Interviewee: Venkat Viswanathan
I think the big change that has happened is batteries have been getting better and better and impressively, since 1991 when Sony first introduced the lithium-ion battery, is slowly you’ve been moving upmarket. First, it was about the small handheld devices. Second, it was sort of the laptops. And then the same laptop-type batteries then started to power cars, and then I guess at the end of 2020 we’re starting to see larger vehicles like pickup trucks and so on. And we’re successively packing in more and more energy, purely by electric power and by batteries. We still have a long way to go to continue to electrify all planes, but slowly we’ll start again in the same way that we did with cars. We’ll do the same thing in aviation where we’ll do small planes, then bigger planes, and then the very large planes hopefully someday.
Interviewer: Benjamin Thompson
One of the issues you highlight that’s preventing current batteries being used to power planes is weight, and comparably aviation fuel gives a lot more power for the same amount of weight. What’s the disparity now between lithium-ion batteries and current aviation fuel?
Interviewee: Venkat Viswanathan
If you compare just on a fuel basis, it’s about 30-40 times more. But the electric drivetrain is much more efficient than the comparable gas turbine, and so overall it’s roughly 10 times more energy per weight, and so that’s the disparity. That’s the gap we’re trying to address. And I think what will happen is some of that gap might be addressed by reducing the amount of power needed, which is what we’ve seen in cars as well, where some of the electric cars are more aerodynamic than comparable internal combustion engine vehicles. But then a large portion of the gap has to be addressed by improving the battery technology.
Interviewer: Benjamin Thompson
And it seems like future batteries have got a lot of challenges to overcome. For example, in your article you say that an aeroplane on the tarmac can be very, very hot, but yet at high altitude can be very, very cold. You need a huge amount of power to just get an aeroplane off the ground in the first instance. They’re just a couple of things there, but what does an ideal battery need to be able to do? What does a future battery look like?
Interviewee: Venkat Viswanathan
Yeah, so a future battery has to be much lighter, so that’s the first and foremost. So, it has to be able to pack a lot more energy. Second, they also need to have sort of a wide safe temperature range of operation. Batteries today are quite finicky, right? They only operate in a narrow thermal window well. And it has to have exceptional safety, so it has to have the ability to do many thousands of cycles and not have failure, which leads to battery fires. So, I think those are some of the key elements that are needed.

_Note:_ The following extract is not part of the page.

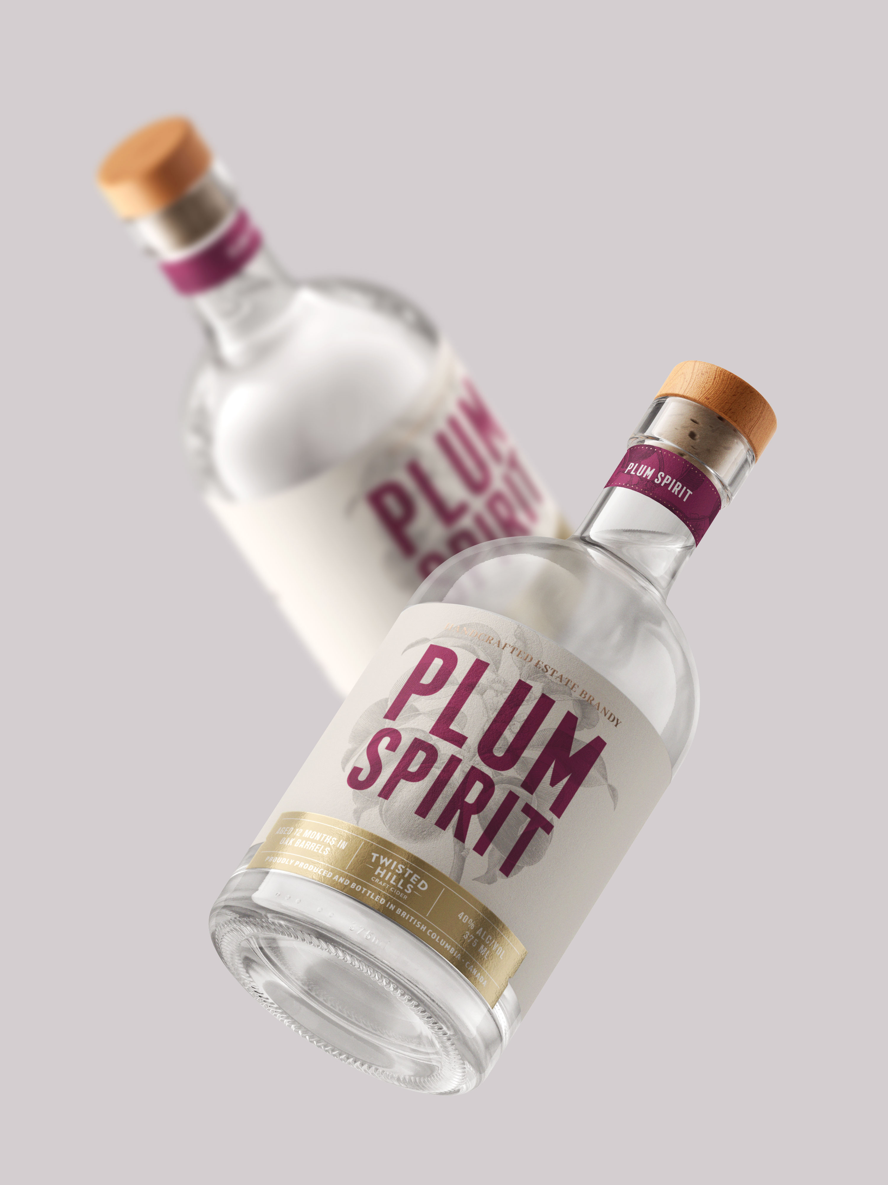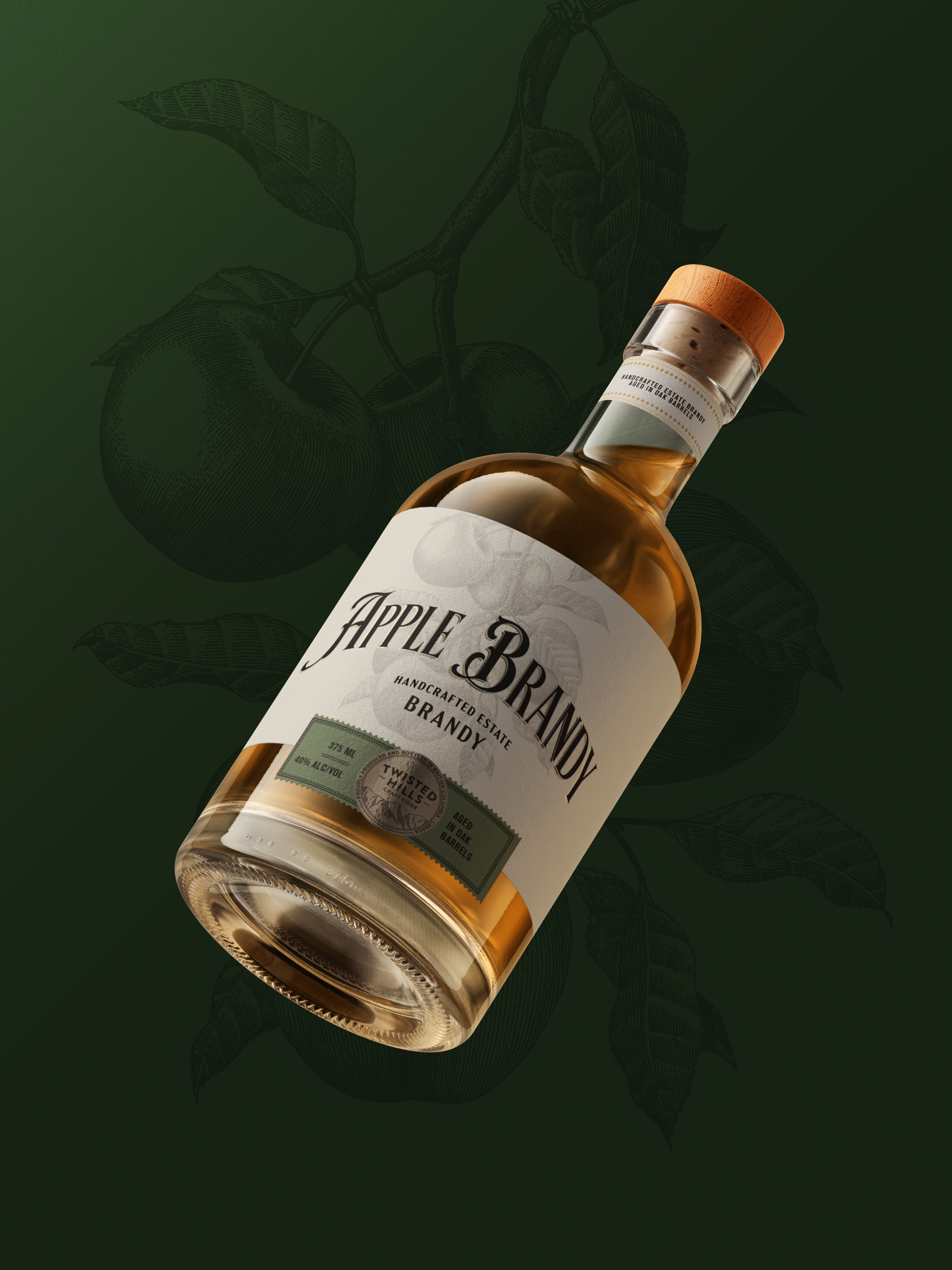 Unlike their ciders, Twisted Hills’ spirits are on the unique and unusual side; the products are not well known within Canada or the US. Exploring label printing techniques to get the consumer interested enough to pick up the bottle was important. We also used designs that add a sense of old-worldliness and history into the labels so the consumer could better understand what the spirits are all about, and why they will love them.

Interviewer: Benjamin Thompson
And where are we then? Where do we need to be?
Interviewee: Venkat Viswanathan
The best batteries today are somewhere between 180-220 watt-hours per kilogram. Watt-hour is a unit of energy. Now, if you want to do small commuter aircraft with about sort of 20 seats or so, then you need another factor of 5 from where we are. And then much larger aircrafts need maybe another factor of 2 from that. So overall, about 10 times more energy dense from where we are today. It’s a big ask, so we have to basically do more than what we have done over the last 150 years in the transition from lead-acid batteries to today’s lithium-ion batteries. We need something like that, so a leap like that, to be able to power the kinds of aircrafts we’ve been discussing.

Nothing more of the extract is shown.